An equally prevalent, third danger is fear. In these times, we need to stay careful, not fearful. Being in my 70s, I’m in the high-risk COVID-19 demographic. Naturally, I immediately felt scared learning this fact. But encountering my fear with mindfulness, and seeing it for what it is, I knew I needed to recognize, accept, embrace, and let go of my fear, or else it would consume me.
It’s interesting to understand fear through evolutionary science. Fear is a natural warning in the face of danger, but it works differently for humans than other species. A gazelle can leap into fright, flight, or fight mode, sprinting off in an instant. Whether it senses a cougar running behind it or has only heard the sound of a twig snapping – once the gazelle feels it’s safe, it shakes off the adrenaline and goes on its merry way. There’s a lesson here which humans are still learning. Our veins keep pumping the chemistry of fear long after any stressor is physically no longer there; mentally, we still conjure it up. All the more reason to practice mindfulness.
Please consider too how this pandemic has come at a time when anyone can go on the Internet and read dozens of points of view. An intervention you can practice when you feel overwhelmed by fear-mongering media is to ask yourself, “Am I sure? Am I responding to something I’ve experienced first-hand? Or am I thinking there’s a snake in the road when it’s really just a stick?”

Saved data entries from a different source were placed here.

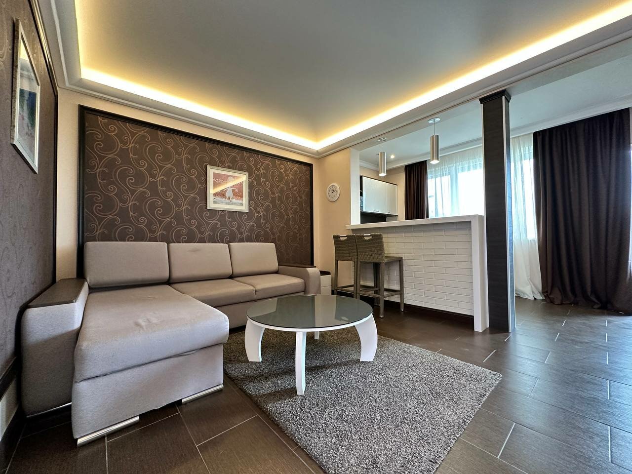 Трехкомнатный люкс площадью 75 кв.м подойдет для самых требовательных гостей. Продуманный до мелочей интерьер в стиле Арт-Деко, просторная гостиная с панорамными окнами и две уютных спальни сделают отдых большой семьи комфортным и беззаботным.
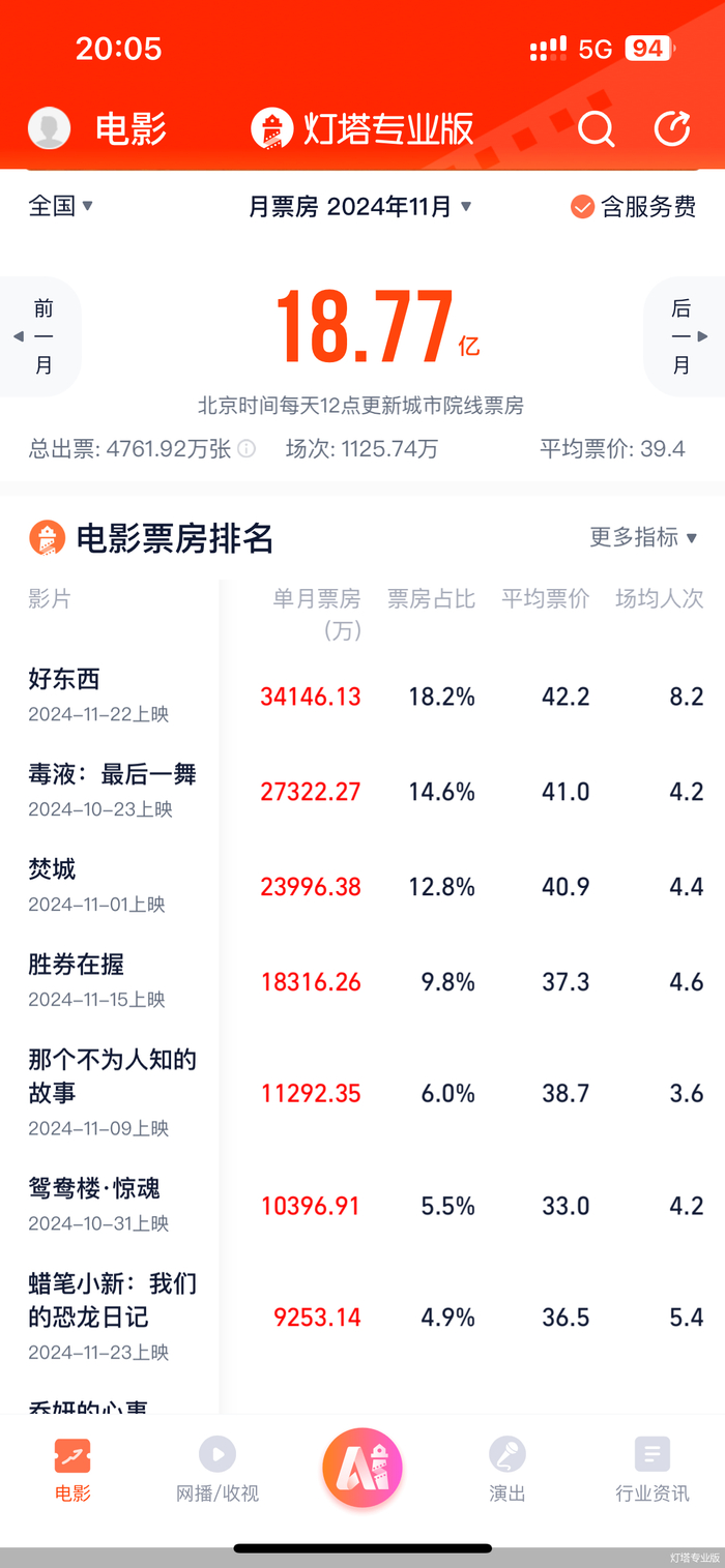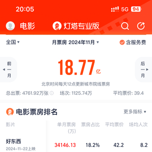 11月电影全国总票房18.77亿元,电影《好东西》5.49亿元领跑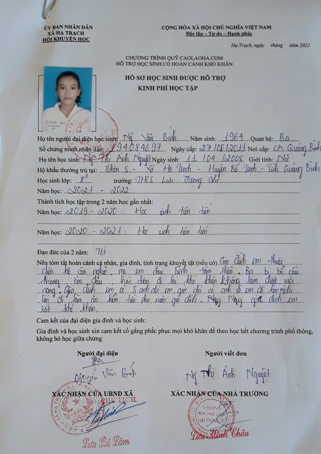 - 5 cháu học sinh là con các hộ nghèo và cận nghèo có quyết tâm vươn lên trong học tập và tu dưỡng đạo đức; được gia đình cam đoan tạo điều kiện cho học tập; do UBND xã kết hợp với các trường THCS Lưu Trọng Lư và tiểu học Hạ Trạch lựa chọn sẽ được trang tin caolaoha.com hỗ trợ mỗi tháng mỗi cháu là 250.000đ (hai trăm năm mươi ngàn đồng)

To flex your mindfulness muscle, you might try this brief exercise. Visualize the now-familiar COVID-19 virus for a moment. As you see it, what comes to mind? Notice if your body signals fear. If so, where does your body express it? Is your breathing shallow? Heart skipping a beat? Are there tingly sensations? A stab of cold? Since our body is often the first-responder at the scene of emotional difficulty, it’s wise to discern, accept, and understand these patterns before they proliferate.

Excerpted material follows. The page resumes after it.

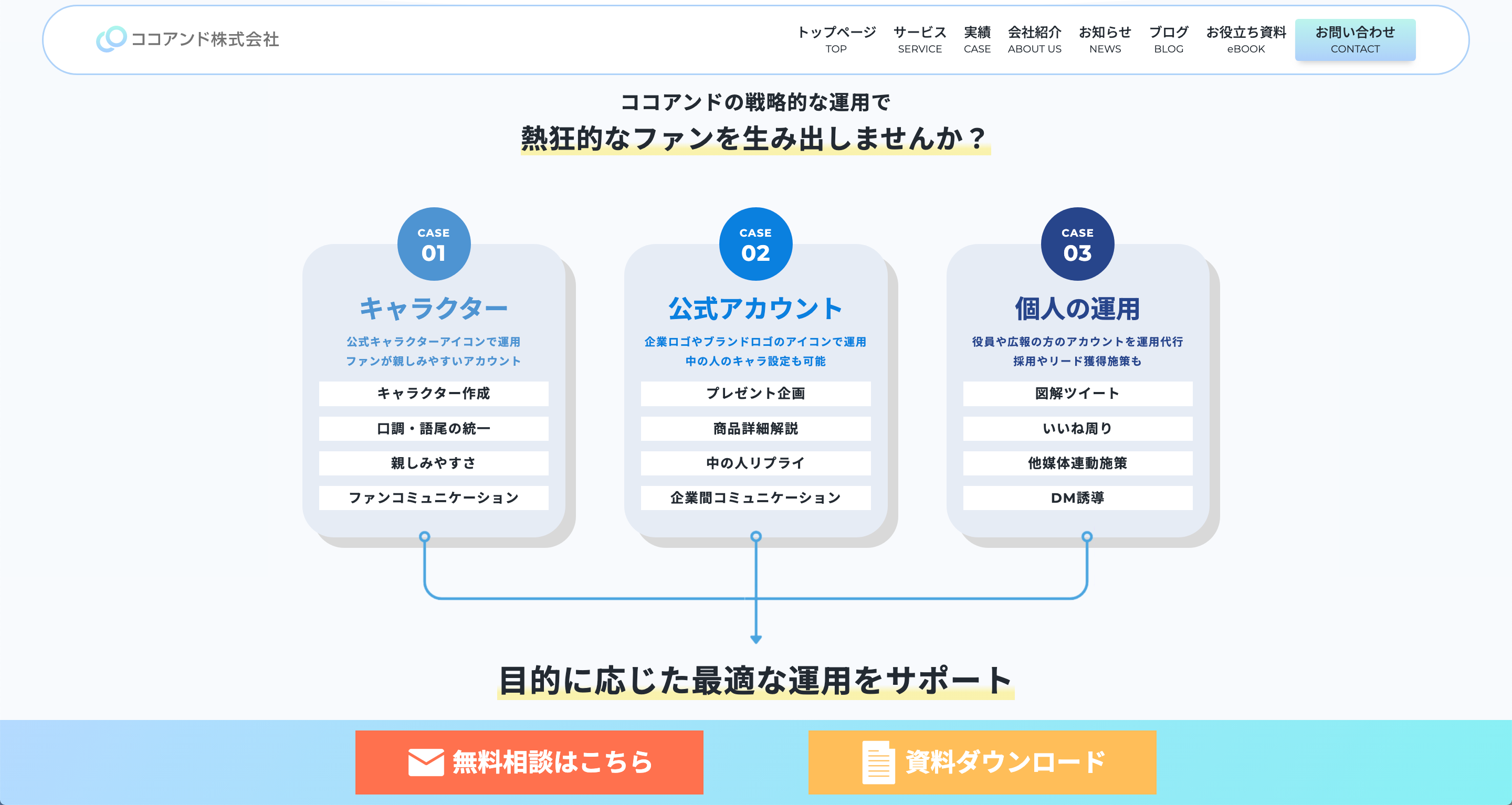 新たなサービスサイトでは、「なぜココアンドが選ばれるのか?」について様々な角度からお伝えできるような構成にしております。ココアンドの運用支援サービスの詳細や、運用手法の図解などを通じて、企業の皆様が理解しやすいサイトを目指しました。

The great Persian poet Hafiz wrote: “Fear is the cheapest room in the house. I would like to see you living in better conditions.” He reminds us that in the grand hotel of life, fear is a room whose windows face a blank wall. We deserve a better view: the vast world beyond our window. To soothe fear, we can nourish its opposite: trust. When we trust in our inherent strength and essential good nature, and that of those around us, then we know we can get through this storm. We can water our courage and renew our vision at this well of trust.
In these dark times, it’s good to gladden up and counterbalance darkness with light. You might pause, breathe, and smile at all the causes for happiness at your fingertips. Eyes that can see the blue sky. Mother Earth beneath your feet. The luxuriance of green vegetation, and the blooming buds of Spring. You might even take a posture of relaxed, quiet dignity, becoming aware as you breathe in and out a few times. Breathing in, say to yourself, “Breathing in, I heal myself.” Breathing out, say to yourself, “Breathing out, I heal others.” Repeat as needed.